Revenue Cycle Assistant

ZEPF CENTERToledo, OH
Onsite

About The Position

The Revenue Cycle Assistant position provides administrative support to the Billing and Revenue Cycle teams. This position is responsible for proactive management of patient insurance and eligibility, prior authorizations, and assisting with provider credentialing, claims and billing support. Training and guidance are provided.

Requirements

  • Requires a high level of accuracy, attention to detail, self-directed follow-up, accurate record keeping
  • Proven ability to learn and apply new knowledge.
  • Confidentiality in handling all provider, client, and agency information.
  • The ability to work independently and independently manage timelines, projects and deadlines.
  • The ability to prioritize and adapt quickly to changing needs and assignments.
  • Highly proficient in Microsoft office products.
  • Superior customer service skills; ability to work with all levels of staff.
  • The ability to develop a robust understanding of health center and behavioral health billing, credentialing, authorization, and service requirements.
  • High school diploma or equivalent required; associate’s degree in healthcare administration or related field preferred.
  • 2–4 years of experience in healthcare revenue cycle operations, with emphasis on eligibility, authorizations, claims or credentialing.
  • Working knowledge of insurance plans, payer guidelines, and medical billing and credentialing.
  • Proficiency with EHR and practice management systems.
  • Strong attention to detail, organizational skills, and problem-solving ability.
  • Those eligible to drive company vehicles must have a valid driver's license and be eligible for coverage as defined by the agency commercial insurance carrier.

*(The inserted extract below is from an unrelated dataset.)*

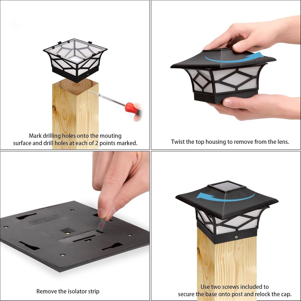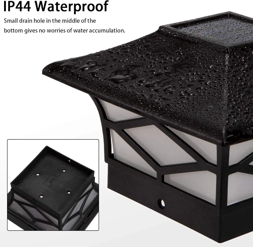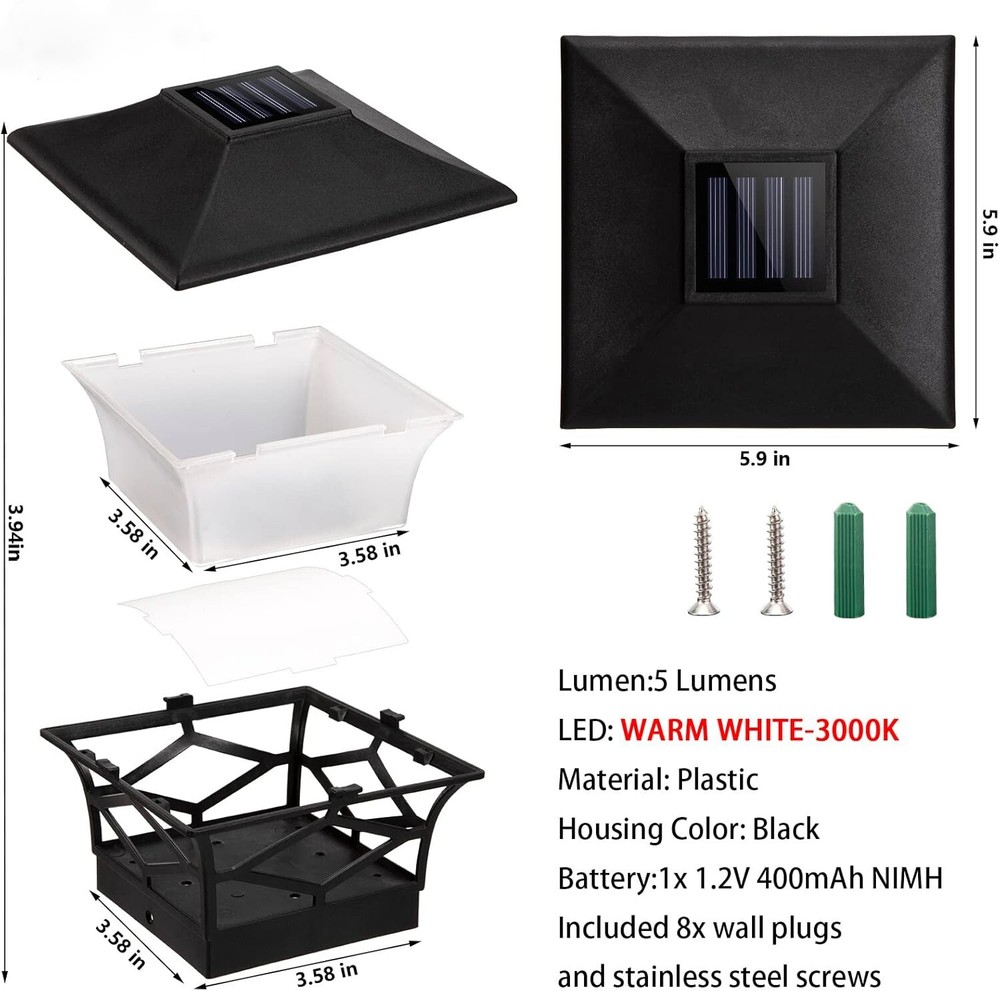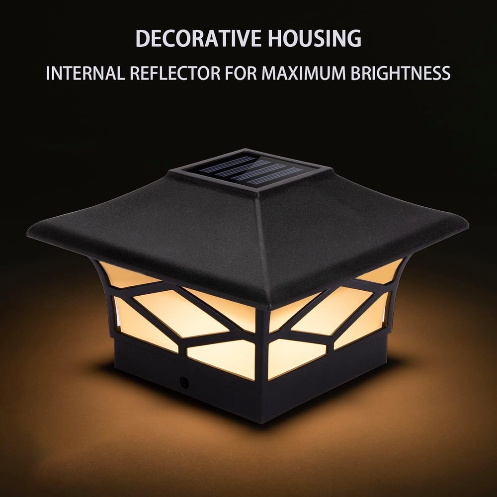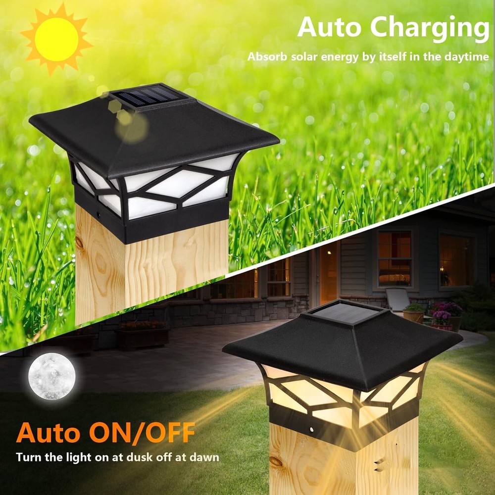 4 Pack Solar Post Lights For 4x4 Wood/Vinyl Outdoor Waterproof LED Deck Decor Solar LED Warm Lighting Decorate Garden Patio Porch (Free & Fast Shipping) 4 Pack Solar Post Lights – Outdoor Waterproof LED Deck & Fence Caps for a Stunning Ambiance! ✨🌞 Enhance your garden, patio, porch, or deck with these elegant and energy-efficient solar post cap lights! Designed to provide soft, warm illumination, these sleek black post lights add a touch of sophistication to your outdoor space while ensuring hassle-free, automatic lighting every night. Say goodbye to messy wiring and hello to a beautifully lit-up backyard! 🌞 Solar-Powered & Auto On/Off – No Wiring, No Electricity Bills! Equipped with a built-in daylight sensor, these solar deck lights absorb sunlight during the day and automatically turn on at dusk, casting a warm and inviting glow all night long. At dawn, they shut off automatically to recharge for the next evening, ensuring effortless operation and energy savings with zero maintenance! πŸ’§ All-Weather Resistant – Built to Last Year-Round! Crafted with high-quality, durable materials, these IP44 waterproof solar post cap lights are designed to withstand rain, snow, heat, and wind, making them perfect for year-round outdoor use. Whether you're lighting up your deck on a summer evening or creating a cozy winter glow, these lights are built to endure. 🏑 Stylish & Versatile Design – Perfect for Any Outdoor Setting! Featuring a sleek black finish and a modern yet timeless design, these solar post caps enhance the beauty of fences, decks, patios, porches, and walkways. Their elegant warm lighting creates a charming atmosphere for outdoor gatherings, romantic evenings, or peaceful relaxation in your backyard. πŸ”‹ Rechargeable Battery Included – Long-Lasting Illumination! Each solar post cap light comes with a pre-installed Ni-MH rechargeable battery, ensuring hours of illumination every night. Simply place the lights in a sunlit area, and let them do the rest! No extra wiring, no additional power sourceβ€”just pure solar energy at work! πŸ›  Easy Installation – Fits Standard 4x4 Wooden & Vinyl Posts These hassle-free solar lights are designed to fit standard 4x4 wood or vinyl posts (Inner base dimensions: 3.58" x 3.58"). Quick and simple installation means you can upgrade your outdoor space in minutes without tools or electrical work! 🌟 Why Choose These Solar Post Cap Lights? βœ” Automatic Solar-Powered Operation: No wiring, no electricity bills! βœ” Durable, Weather-Resistant Design: Withstands all seasons! βœ” Stylish and Elegant Black Finish: Enhances any outdoor space! βœ” Soft, Warm LED Lighting: Creates a cozy ambiance! βœ” Effortless Installation: Fits standard 4x4 posts! ✨ Upgrade your outdoor space with these stunning solar post lights! Whether you're hosting a backyard BBQ, enjoying a quiet evening on the patio, or enhancing your home's curb appeal, these lights bring beauty, convenience, and energy efficiency to your outdoor living. Order today and transform your space! πŸ’‘πŸ‘

Those who drive personal vehicles in the course of business must be able to provide proof of insurance.

Nice To Haves

  • associate’s degree in healthcare administration or related field preferred.

Responsibilities

  • Verify patient insurance eligibility, benefits, and coverage for services rendered.
  • Keep EHR updated with current and accurate coverage plan information from 270/271 and client insurance card scans.
  • Ensure necessary reallocations are performed for timely and accurate billing.
  • Communicate eligibility findings clearly to other members of the Revenue Cycle and clinical teams as needed.
  • Assist with resolution of eligibility-related claim rejections and denials.
  • Obtain, track, and document prior authorizations in accordance with payer and regulatory requirements.
  • Review clinical documentation and coordinate with clinical team to ensure alignment with authorization requests.
  • Monitor authorization status, follow up with payers and clinical staff as needed to ensure authorizations are in place to cover services provided, and escalate urgent or complex cases.
  • Maintain accurate records of authorization requests, approvals, and denials within the EHR to support claims submission and audit readiness.
  • Assist with resolution of prior authorization related claim issues and denials.
  • Assist with provider credentialing, re-credentialing, and payer enrollment activities.
  • Assist with maintenance of provider demographic and enrollment data across revenue cycle systems.
  • Assist with resolution of credentialing-related payment delays or denials.
  • Work with Billing Systems Manager to ensure claims are reviewed and modified as necessary for accurate and timely billing.
  • Troubleshoot claim rejections within clearinghouse and EHR related to eligibility, authorization, and credentialing issues.
  • Collaborate with Billing Systems Manager and Billing team on denials to resolve payer-specific issues.
  • Identify trends and root causes contributing to preventable denials and recommend process improvements.
  • Perform other duties as assigned.